◆ EXERCISE OBJECTIVE
Pictures are to be left out. Return exactly the lines below from the one with "Marks & Spencer" up to and including the one with "Image: The POWER".

◆ Dataset entries

---*---

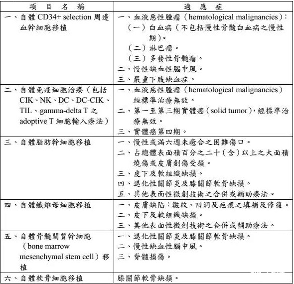 6項細胞治療項目分別為,自體周邊血干細胞移植、自體免疫細胞治療(包括CIK、NK、DC、DC-CIK、TIL、gamma-delta T之adaptive T細胞輸入療法)、自體脂肪干細胞移植、自體纖維母細胞移植、自體間充質(zhì)干細胞移植、自體軟骨細胞移植術(shù)。
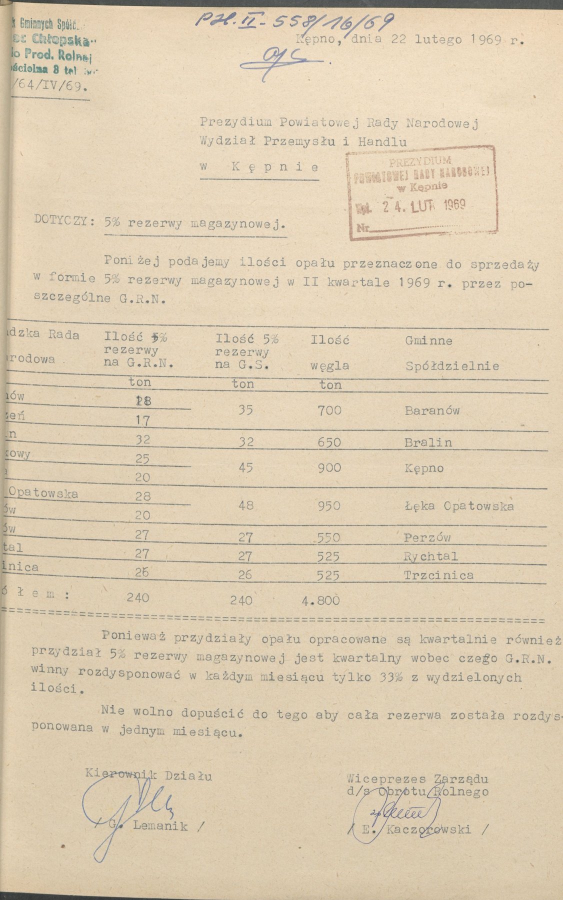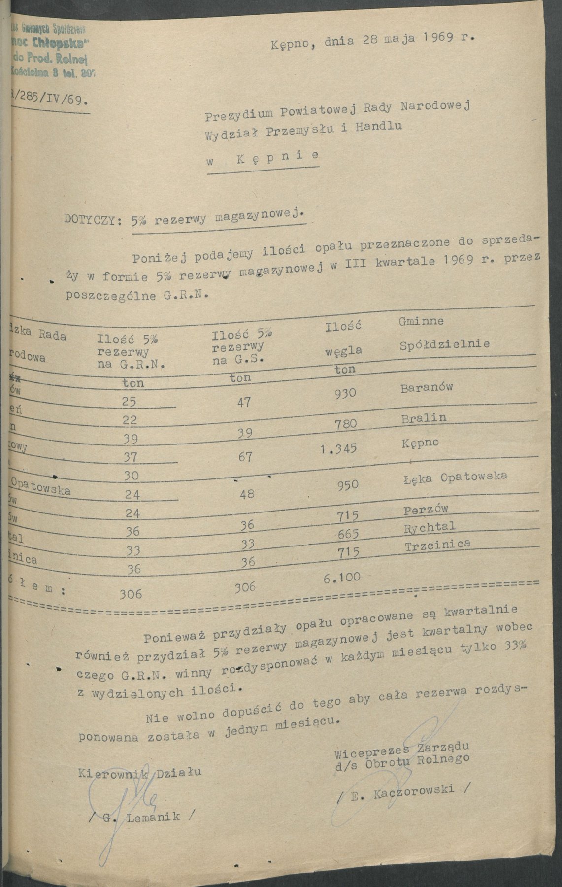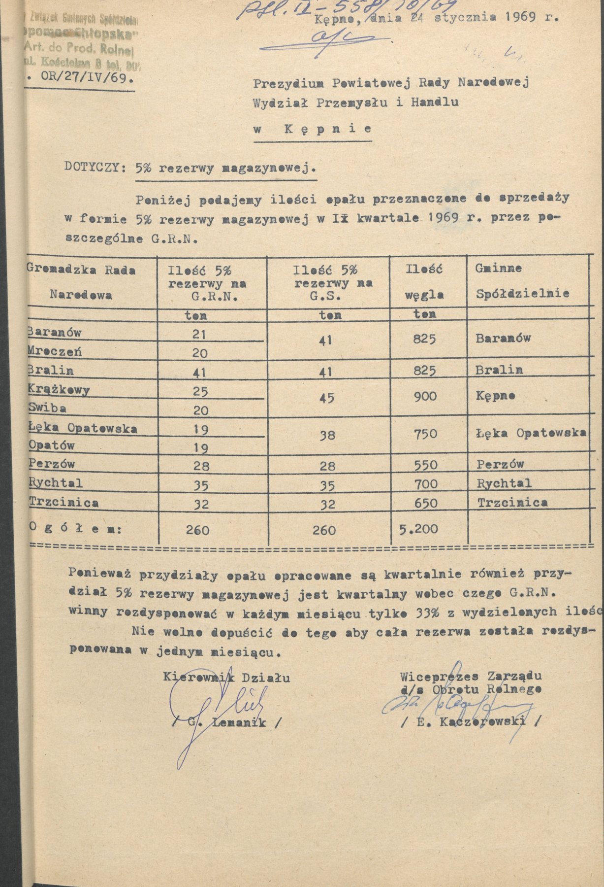 Pisma z 1969 r. informujące o ilości opału jaki przeznaczony był do sprzedaży w formie 5% rezerwy magazynowej w I, II oraz III kwartale 1969 r. przez poszczególne gromadzkie rady narodowe.
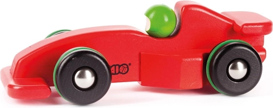 Piros versenyautó a Bajotól, amely ideális játék a kis versenyzők számára. A biztonságra és a természetes anyagra helyezett hangsúly segíti a durva motorikus készségek fejlesztését, miközben szórakoztató formák és terek felfedezését biztosítja.
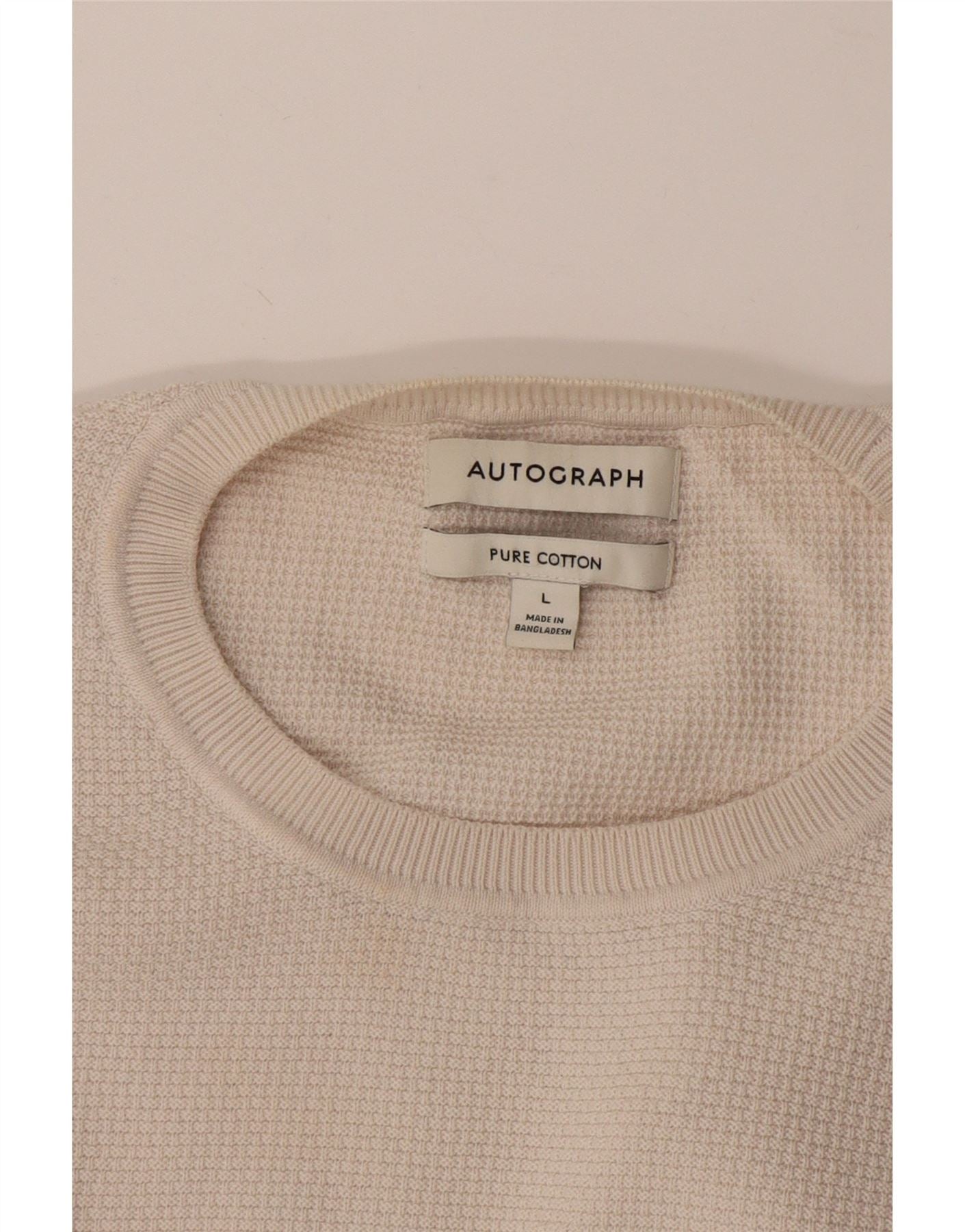 Marks & Spencer Jersey con cuello redondo y autógrafo para hombre, talla grande, algodón blanco
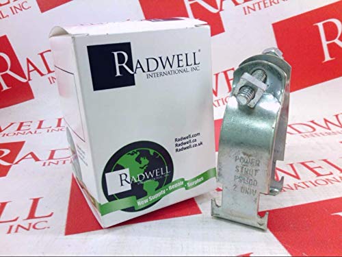 Image: The POWER STRUT PS-1300-2 universal two-piece conduit strap shown alongside its Radwell International Inc. packaging. The strap is made of metal and features a bolt and nut for securing. The packaging indicates it's a new supply from Radwell.
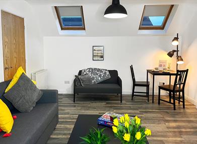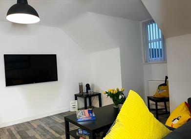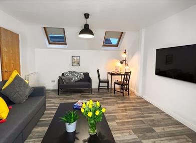 Double bed in the bedroom, with a double sofa bed in the living room. A newly decorated living room with a 56" TV (with in-built apps), board games & jigsaws. A newly refurbished kitchen with all brand new appliances. The bathroom has also just been refitted with all new units.

---*---

◆ EXERCISE ANSWER
 Marks & Spencer Jersey con cuello redondo y autógrafo para hombre, talla grande, algodón blanco
 Image: The POWER STRUT PS-1300-2 universal two-piece conduit strap shown alongside its Radwell International Inc. packaging. The strap is made of metal and features a bolt and nut for securing. The packaging indicates it's a new supply from Radwell.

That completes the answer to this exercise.